The final result of this stage is thus a descriptive model which explains the data which the researcher has assembled (Becker and Geer 1982; cited in Tesch 1990, p. 83).

Based on the strategy adopted to generate a theory (see Figure 8) the findings of this study needed to be further investigated in light of the prior theories. This is in order to realize more validity for the research outcome. Here, the findings of this study are interpreted through a theoretical lens (which includes, mainly, DeLone and MacLean (1992, 2003) IS success theory and other IS and DMS prior theories). Hence, enfolding literature represented the final stage before the introduction of the theory based mode of DMS effectiveness evaluation (see Figure 8).

6.4. Chapter summary

This chapter outlines the process of collecting and analyzing the evidence of this study.
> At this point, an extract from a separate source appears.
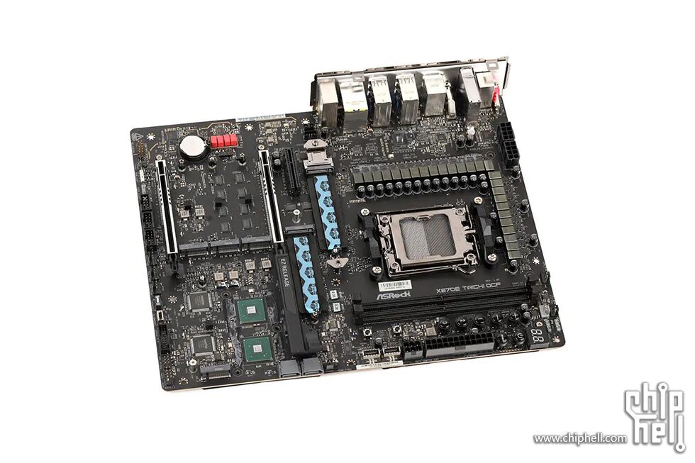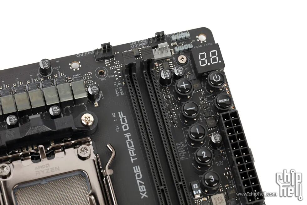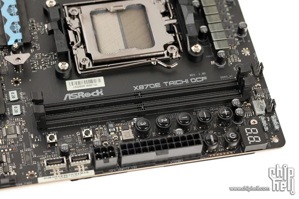 随着华擎将主打极致超频的OCF型号也纳入到旗舰Taichi系列中,而本次来到工作室的就是华擎最新的AMD平台超频主板,ASRock X870E Taichi OCF.它采用了10层PCB,22+2+1相供电以及多达6个M.2 SSD插槽,可以说用料十足,下面来看看它的表现如何.

It describes the case of this study which is the Egyptian DMS experience (the Touregypt project). Also, both the primary and secondary stakeholders of the Touregypt project as well as the methods used to collect data from each of them have been identified. This chapter, then, details the actual process of data collection

177 starting by discussing the activity model of the pre-field word stage (the preliminary literature review and the exploratory study). This is followed by a discussion on the procedures and the overlapping nature of the fieldwork process, see Figure 11. Data collection techniques included structured and semi-structured interviews, observation, document survey, and forum and website analysis. Subsequently, the process of the data analysis has been discussed with the aim of justifying the use of Meso discourse analysis approach, see Figure 16. The Meso analysis of this study has combined both Gee approach (2005) of discourse analysis and Miles and Huberman approach (1994), see section 6.3.1. Further, the process of doing the analysis has been presented and justified. The codes of the research have emerged from the data with a few prior ideas.

The first step of the process was a set of general themes emerged from the research activity model (see Section ‎6.3.2.2.1). This is followed by the identification of the early and abstract codes inductively and then drawing the final concepts and propositions as further explained in the next chapter.